Items from a dataset:

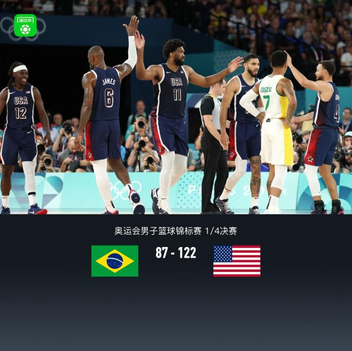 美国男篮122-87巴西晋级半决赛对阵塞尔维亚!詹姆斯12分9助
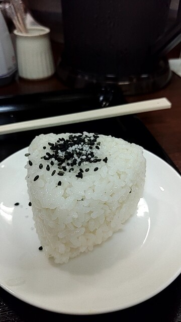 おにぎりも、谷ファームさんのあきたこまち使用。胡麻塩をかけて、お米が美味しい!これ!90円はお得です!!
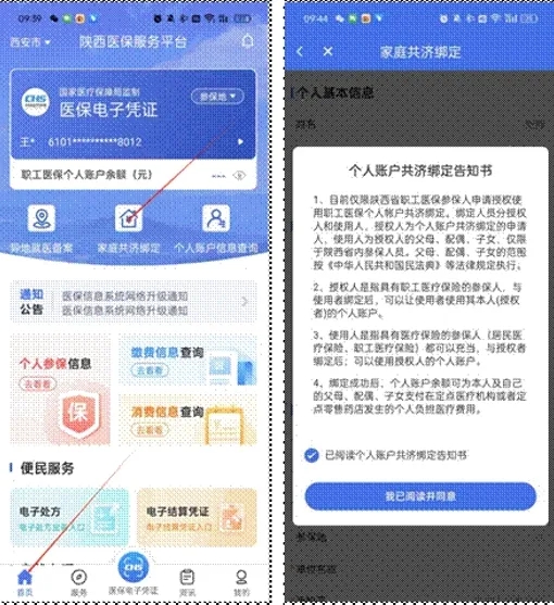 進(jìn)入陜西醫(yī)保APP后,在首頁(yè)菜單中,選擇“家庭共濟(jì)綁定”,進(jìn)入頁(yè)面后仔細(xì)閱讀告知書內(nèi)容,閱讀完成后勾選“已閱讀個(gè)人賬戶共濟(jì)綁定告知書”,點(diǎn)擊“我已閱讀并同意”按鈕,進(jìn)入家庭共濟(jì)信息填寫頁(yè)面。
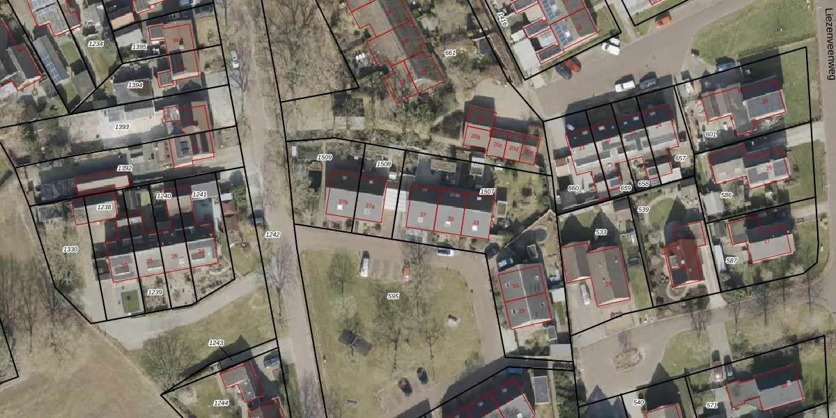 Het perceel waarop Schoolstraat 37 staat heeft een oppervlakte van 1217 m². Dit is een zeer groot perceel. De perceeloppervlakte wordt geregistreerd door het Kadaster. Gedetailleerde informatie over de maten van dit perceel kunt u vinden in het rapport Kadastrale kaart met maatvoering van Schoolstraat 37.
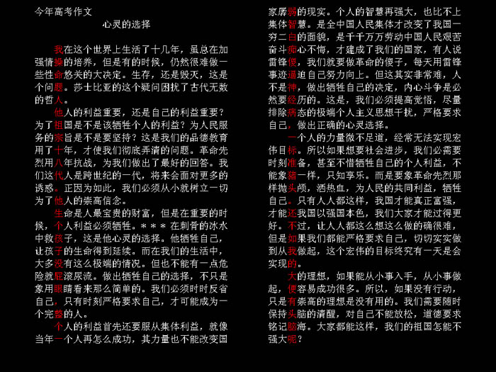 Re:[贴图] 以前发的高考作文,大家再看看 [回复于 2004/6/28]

What the exercise asks
Each record above is to be copied out exactly; its pictures are not.

Completed exercise
 美国男篮122-87巴西晋级半决赛对阵塞尔维亚!詹姆斯12分9助
 おにぎりも、谷ファームさんのあきたこまち使用。胡麻塩をかけて、お米が美味しい!これ!90円はお得です!!
 進(jìn)入陜西醫(yī)保APP后,在首頁(yè)菜單中,選擇“家庭共濟(jì)綁定”,進(jìn)入頁(yè)面后仔細(xì)閱讀告知書內(nèi)容,閱讀完成后勾選“已閱讀個(gè)人賬戶共濟(jì)綁定告知書”,點(diǎn)擊“我已閱讀并同意”按鈕,進(jìn)入家庭共濟(jì)信息填寫頁(yè)面。
 Het perceel waarop Schoolstraat 37 staat heeft een oppervlakte van 1217 m². Dit is een zeer groot perceel. De perceeloppervlakte wordt geregistreerd door het Kadaster. Gedetailleerde informatie over de maten van dit perceel kunt u vinden in het rapport Kadastrale kaart met maatvoering van Schoolstraat 37.
 Re:[贴图] 以前发的高考作文,大家再看看 [回复于 2004/6/28]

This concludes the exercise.